Reputation: 434
Considering the following function:
public void execute4() {
File filePath = new File(filePathData);
File[] files = filePath.listFiles((File filePathData) -> filePathData.getName().endsWith("CDR"));
List<CDR> cdrs = new ArrayList<CDR>();
Arrays.asList(files).parallelStream().forEach(file -> readCDRP(cdrs, file));
cdrs.sort(cdrsorter);
}
which reads a list of Files containing CDR and executes the readCDRP() which is this:
private void readCDRP(List<CDR> cdrs, File file) {
final CDR cdr = new CDR(file.getName());
try (BufferedReader bfr = new BufferedReader(new FileReader(file))) {
List<String> lines = bfr.lines().collect(Collectors.toList());
lines.parallelStream().forEach(e -> {
String[] data = e.split(",", -1);
CDREntry entry = new CDREntry(file.getName());
for (int i = 0; i < data.length; i++) {
entry.setField(i, data[i]);
}
cdr.addEntry(entry);
});
if (cdr != null) {
cdrs.add(cdr);
}
} catch (IOException e) {
e.printStackTrace();
}
}
What I observe is that occasionally and NOT all the time, I either get a ArrayIndexNotBound Exception at the readCDRP function over the line (which is awkward, as the list of cdr is an ArrayList() ):
cdr.addEntry(entry);
or at the last line in execute4() where I apply the sorting.

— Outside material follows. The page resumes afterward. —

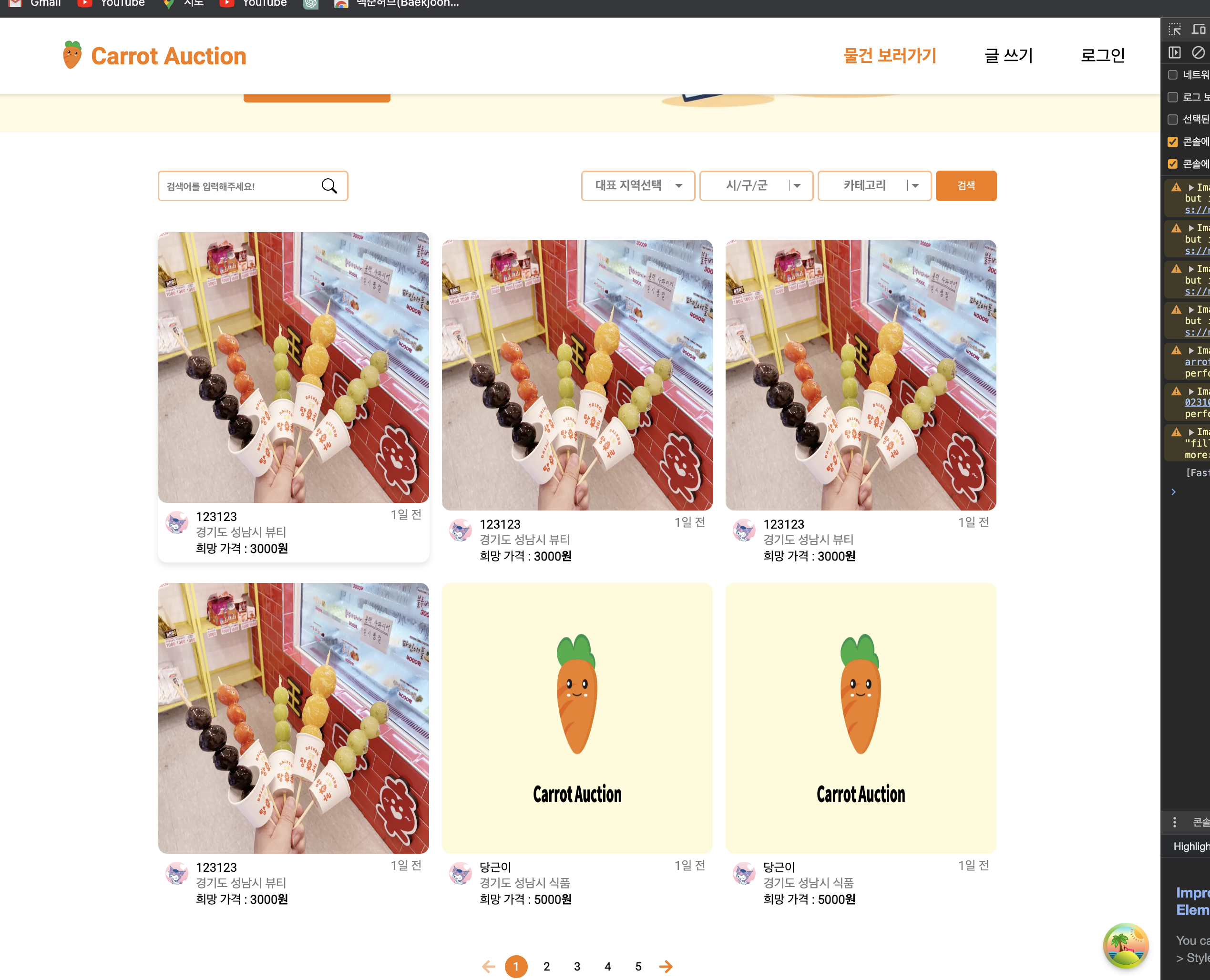 프로젝트를 진행하다가 경매글을 모아보는 페이지를 만들게 되었다.

I think the issue is that the first parallelStream from execute4 is not in a separate space in memory from the second parallelStream execution inside readCDRP() and also seems to share wrongly the data. Using "seem" word as I can't confirm and is just a hutch.
The questions are: is my code buggy to the bone from JDK8 perspective? Is there a workaround using the same flow, something like using CountDownLatch for example? Is limitation of the ForkJoinPool ?
Thanks for any responce....
EDIT(1): The addEntry is part of a class itself:
class CDR {
public final String fileName;
private final List<CDREntry> entries = new ArrayList<CDREntry>();
public CDR(String fileName) {
super();
this.fileName = fileName;
}
public List<CDREntry> getEntries() {
return entries;
}
public List<CDREntry> addEntry(CDREntry e) {
entries.add(e);
return entries;
}
public String getFileName() {
return this.fileName;
}
}
Upvotes: 2
Views: 527
Reputation: 13696
Your code is broken from a thread safety point of view. In readCDR
you add elements to the cdrs
list which is an ArrayList
that does not support concurrent writes. That is why it breaks.
A better approach would be to have readCDR
return a cdr
object and do something like:
List<CDR> cdrs = Arrays.stream(files)
.parallel()
.map(this::readCDR)
.collect(Collectors.toList());
Also, using parallel streams for IO related operations is generally a bad idea, but that is another discussion.
Upvotes: 4
Reputation: 100209
When you starting programming in functional style you should prefer immutable objects which can be fully created via construction (or probably using builder pattern or some factory method). So your CDREntry
class may look like this:
class CDREntry {
private final String[] fields;
private final String name;
public CDREntry(String name, String[] fields) {
this.name = name;
this.fields = fields;
}
// Add getters and whatever
}
And your CDR
class may look like this:
class CDR {
private final String fileName;
private final List<CDREntry> entries;
public CDR(String fileName, List<CDREntry> entries) {
this.fileName = fileName;
this.entries = entries;
}
public List<CDREntry> getEntries() {
return entries;
}
public String getFileName() {
return this.fileName;
}
}
Having such classes things become easier. The rest of the code can be rewritten like this:
public void execute4() {
File filePath = new File(filePathData);
File[] files = filePath.listFiles((File data, String name) ->
data.getName().endsWith("CDR")); // fixed this line: it had compilation error
List<CDR> cdrs = Arrays.stream(files).parallel()
.map(this::readCDRP).sorted(cdrsorter)
.collect(Collectors.toList());
}
private CDR readCDRP(File file) {
try (BufferedReader bfr = new BufferedReader(new FileReader(file))) {
// I'm not sure that collecting lines into list
// before main processing was actually necessary
return bfr.lines().parallelStream()
.map(e -> new CDREntry(file.getName(), e.split(",", -1)))
.collect(Collectors.collectingAndThen(
Collectors.toList(), list -> new CDR(file.getName(), list)));
} catch (IOException e) {
throw new UncheckedIOException(e);
}
}
In general remember that forEach
is usually not the cleanest way to solve the tasks. It may be helpful when you integrate the streams into legacy code, but in general should be avoided.
Upvotes: 3
Reputation: 1647
you are using a parallel stream and a lambda that has side effects (the lambda updates the ArrayList 'cdrs') try to use a Collector or a Reduction-Operation.
Upvotes: 2